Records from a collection

┌──

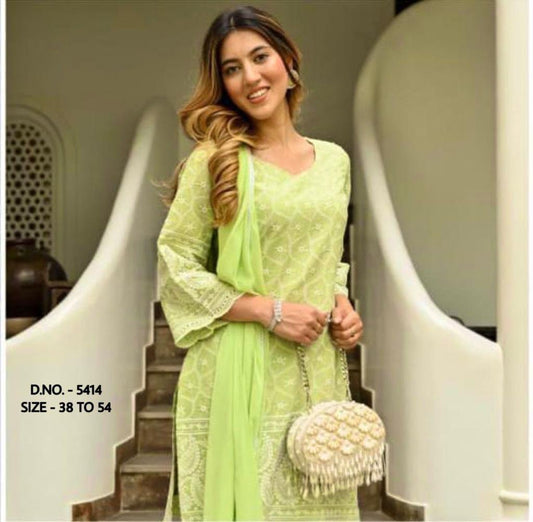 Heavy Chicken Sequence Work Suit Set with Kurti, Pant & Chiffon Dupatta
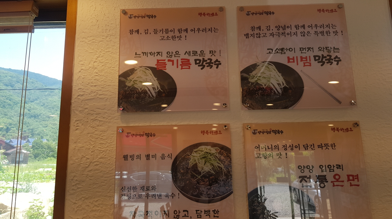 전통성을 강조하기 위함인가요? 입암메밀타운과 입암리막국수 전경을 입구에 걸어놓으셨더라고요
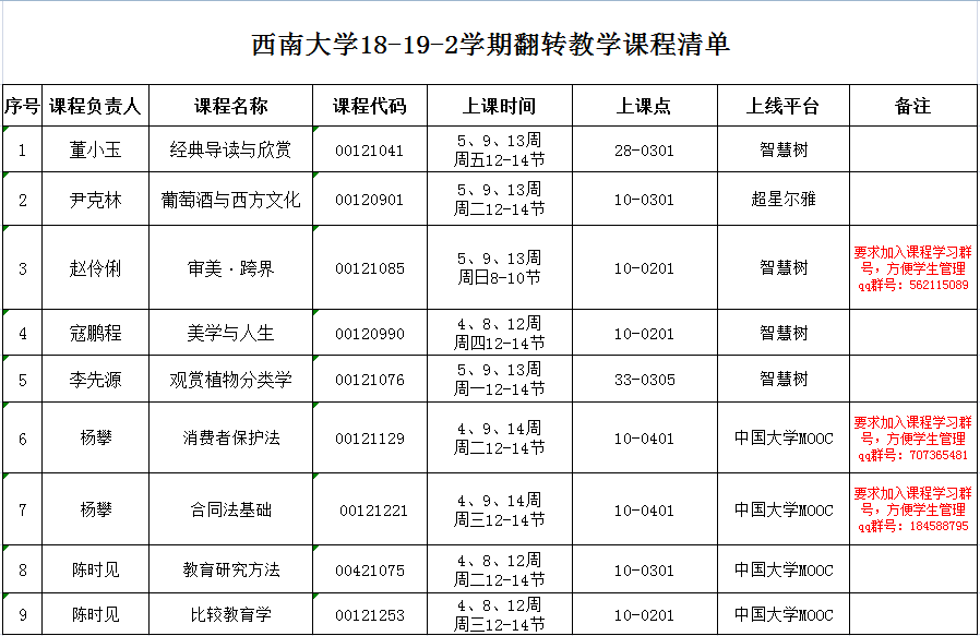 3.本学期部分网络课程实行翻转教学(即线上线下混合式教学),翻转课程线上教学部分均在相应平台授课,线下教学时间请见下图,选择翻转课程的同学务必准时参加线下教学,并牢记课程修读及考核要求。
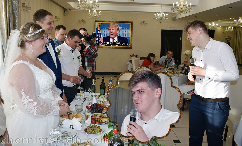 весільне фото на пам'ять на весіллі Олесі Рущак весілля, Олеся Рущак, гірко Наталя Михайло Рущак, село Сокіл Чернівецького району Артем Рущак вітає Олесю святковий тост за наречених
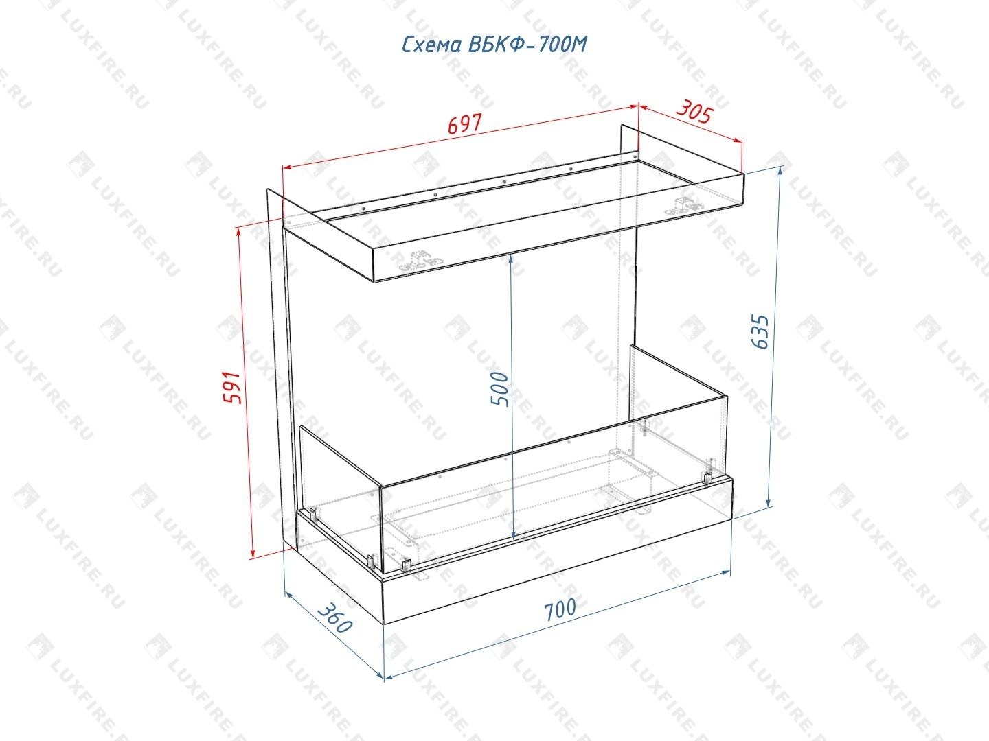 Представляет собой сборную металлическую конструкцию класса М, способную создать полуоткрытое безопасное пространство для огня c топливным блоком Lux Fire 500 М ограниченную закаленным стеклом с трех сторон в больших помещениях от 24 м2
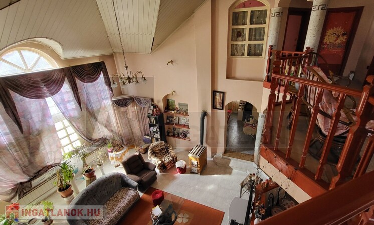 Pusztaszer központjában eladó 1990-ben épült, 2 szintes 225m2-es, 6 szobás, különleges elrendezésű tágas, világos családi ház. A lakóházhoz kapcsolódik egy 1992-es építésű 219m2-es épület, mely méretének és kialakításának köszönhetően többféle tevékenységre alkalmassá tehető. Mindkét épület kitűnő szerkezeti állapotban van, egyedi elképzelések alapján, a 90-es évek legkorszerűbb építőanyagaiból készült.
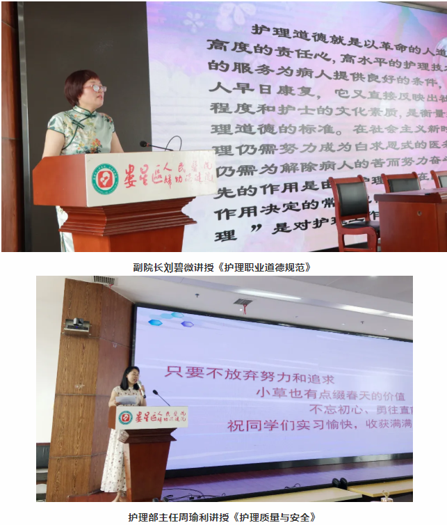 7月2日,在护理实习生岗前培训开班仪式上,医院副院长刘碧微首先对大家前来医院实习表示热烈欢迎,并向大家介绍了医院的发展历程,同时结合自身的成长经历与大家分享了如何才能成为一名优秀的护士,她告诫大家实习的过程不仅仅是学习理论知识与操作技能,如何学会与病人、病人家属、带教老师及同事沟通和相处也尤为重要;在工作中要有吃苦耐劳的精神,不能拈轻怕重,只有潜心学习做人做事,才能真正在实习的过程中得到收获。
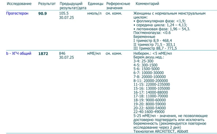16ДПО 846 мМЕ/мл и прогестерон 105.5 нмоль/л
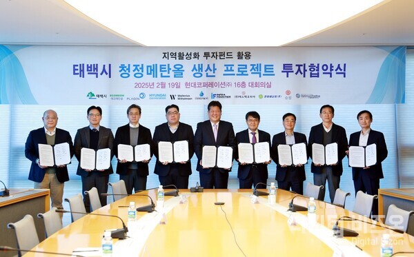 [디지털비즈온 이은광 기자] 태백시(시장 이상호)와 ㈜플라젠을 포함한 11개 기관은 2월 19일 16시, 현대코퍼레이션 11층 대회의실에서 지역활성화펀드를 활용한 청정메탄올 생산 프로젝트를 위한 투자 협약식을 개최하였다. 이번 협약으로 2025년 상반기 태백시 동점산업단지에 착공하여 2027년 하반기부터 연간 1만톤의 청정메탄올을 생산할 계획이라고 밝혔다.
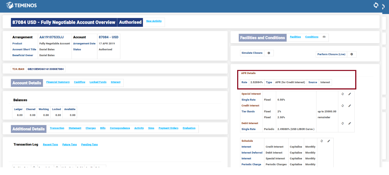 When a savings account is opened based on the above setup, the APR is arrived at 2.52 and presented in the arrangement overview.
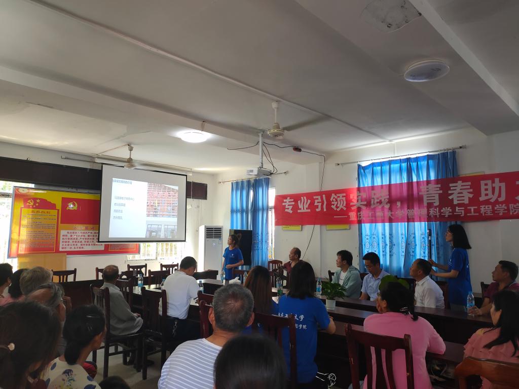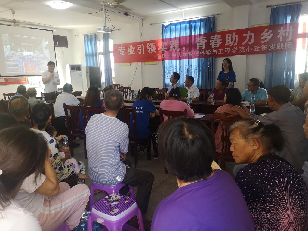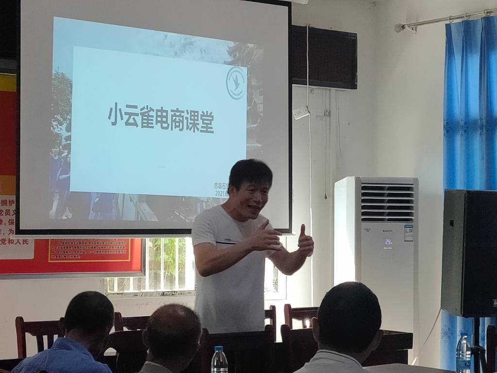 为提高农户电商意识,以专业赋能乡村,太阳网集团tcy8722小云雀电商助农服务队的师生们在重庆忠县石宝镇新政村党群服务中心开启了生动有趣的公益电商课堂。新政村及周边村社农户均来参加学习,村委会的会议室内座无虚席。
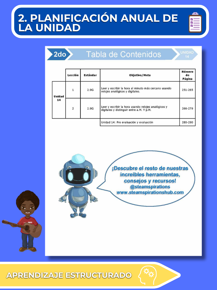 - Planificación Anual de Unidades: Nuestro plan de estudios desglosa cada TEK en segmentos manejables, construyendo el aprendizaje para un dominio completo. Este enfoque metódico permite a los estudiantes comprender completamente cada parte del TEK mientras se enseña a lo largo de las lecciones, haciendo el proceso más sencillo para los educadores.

└──

▸ Task directions: Take the records from their first line through the line containing "Pusztaszer központjában eladó" and please return exactly those lines, both ends included, minus the pictures.

▸ Solution for this exercise:
 Heavy Chicken Sequence Work Suit Set with Kurti, Pant & Chiffon Dupatta
 전통성을 강조하기 위함인가요? 입암메밀타운과 입암리막국수 전경을 입구에 걸어놓으셨더라고요
 3.本学期部分网络课程实行翻转教学(即线上线下混合式教学),翻转课程线上教学部分均在相应平台授课,线下教学时间请见下图,选择翻转课程的同学务必准时参加线下教学,并牢记课程修读及考核要求。
 весільне фото на пам'ять на весіллі Олесі Рущак весілля, Олеся Рущак, гірко Наталя Михайло Рущак, село Сокіл Чернівецького району Артем Рущак вітає Олесю святковий тост за наречених
 Представляет собой сборную металлическую конструкцию класса М, способную создать полуоткрытое безопасное пространство для огня c топливным блоком Lux Fire 500 М ограниченную закаленным стеклом с трех сторон в больших помещениях от 24 м2
 Pusztaszer központjában eladó 1990-ben épült, 2 szintes 225m2-es, 6 szobás, különleges elrendezésű tágas, világos családi ház. A lakóházhoz kapcsolódik egy 1992-es építésű 219m2-es épület, mely méretének és kialakításának köszönhetően többféle tevékenységre alkalmassá tehető. Mindkét épület kitűnő szerkezeti állapotban van, egyedi elképzelések alapján, a 90-es évek legkorszerűbb építőanyagaiból készült.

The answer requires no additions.